AI-native horizontal — four attack archetypes (archived)

  1. Horizontal enterprise knowledge / retrieval layer. Canonical: Glean. Variant inside the same archetype: Hebbia (specialized document-retrieval flywheel). Attack vector: index-everything-with-permission-aware retrieval, building a data flywheel of organizational context.
  2. Vertical workflow co-pilot for high-stakes professional services. Harvey (legal) + Sierra (CX), bundled. Attack vector: domain-specific data + evals + workflow integration that compounds with usage.
  3. AI-native UX rebuild of an embedded workflow. Canonical: Cursor. Attack vector: AI-native UX rebuild that compresses procedural switching costs by being so much better at the core loop that re-training pays for itself in weeks.
  4. Generative agentic execution layer — node in a federated agent-translator network. Decagon + Crescendo + Clay, bundled. Attack vector: agents that take action on behalf of the user, accumulating workflow lock-in via tool-graph memory, escalation patterns, and learned outcome calibration. Re: codesign-thesis claim #5 — these are not verticalized end-to-end stacks; they're specialist nodes that win by being deeper at one job than the surrounding agent-translator network can route around. The moat sits in the node (its data, its evaluator, its escalation calibration), not in the integration. The translator/coordination layer commoditizes on top of MCP-style protocols.

Open question Q1 — Cursor as its own archetype (archived)

Originally posed during the AI-native horizontal chapter framing.
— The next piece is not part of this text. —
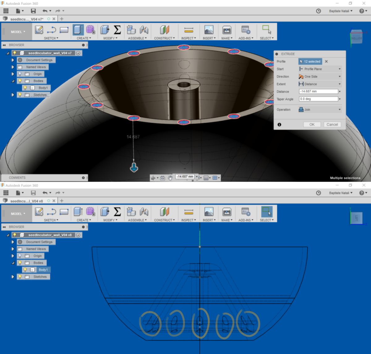 I make time to work on my personal project, designing a supporting, waterproof stucture for the plant with an embeeded siphon system. This shape possesses an inner chamber with makes it impossible to fabricate with a 3axis CNC machine with substractive process :

Preserved here in case the AI-native horizontal chapter is reactivated in Pass 3.

Q1. Should “AI-native UX rebuild” be its own archetype, or fold into “vertical workflow co-pilot”?

Cursor's attack vector is mechanically distinct from Harvey/Sierra — it's not about domain-specific data + evals (Cursor's data flywheel is shallow vs. its UX moat); it's about being so much better at the core loop that procedural switching costs collapse. Recommendation: keep Cursor as its own archetype. The “switching-cost compression by 10x UX” attack vector deserves its own treatment because it's the single archetype most commonly conflated with technical differentiation, and it's the one most often wrong in defensibility analysis. (If you'd rather collapse it, fallback is to add a 5th archetype: “specialized data-acquisition flywheel” via Hebbia.)